This truly is the simplest of recipes and makes a delicious dessert – I loved Nutella as a child and was forever caught digging my spoon into a big jar of the stuff! A little dark chocolate stops everything becoming a little too sweet.
This recipe is made with a gluten free base (the topping is naturally gluten free) which can be substituted for an ordinary biscuit base if desired.
Nutella Cheesecake (Gluten Free)
170g Gluten Free Digestive Biscuits
80g Unsalted Butter (Melted)
25g Flaked Almonds (Toasted)
2 tsp Cocoa Powder
400g Cream Cheese
70g Dark Chocolate
1) Pre heat oven to 160C. Combine the digestives, almonds and cocoa powder in a food processor, whilst blitzing slowly pour in the butter until well combined. Transfer to a small lined cake tin (preferably spring form).
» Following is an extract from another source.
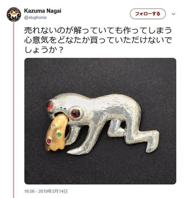 なんて豪華なゲロ 金 銀 宝石で作った 謎の何かが吐いてる ブローチに 可愛い 欲しい の声殺到 19年3月15日 エキサイトニュース

2) Bake the base in the oven for 10 minutes. Transfer to the fridge to cool.
3) Melt the chocolate and Nutella in a bain-marie, stirring frequently to combine. Allow the Nutella mixture to cool slightly. In a large bowl, whisk the cream cheese to loosen. Add the Nutella mixture and whisk to combine.
4) Spoon the mixture on to the biscuit base and level. Place in the fridge to chill for at least 4 hours but preferably overnight.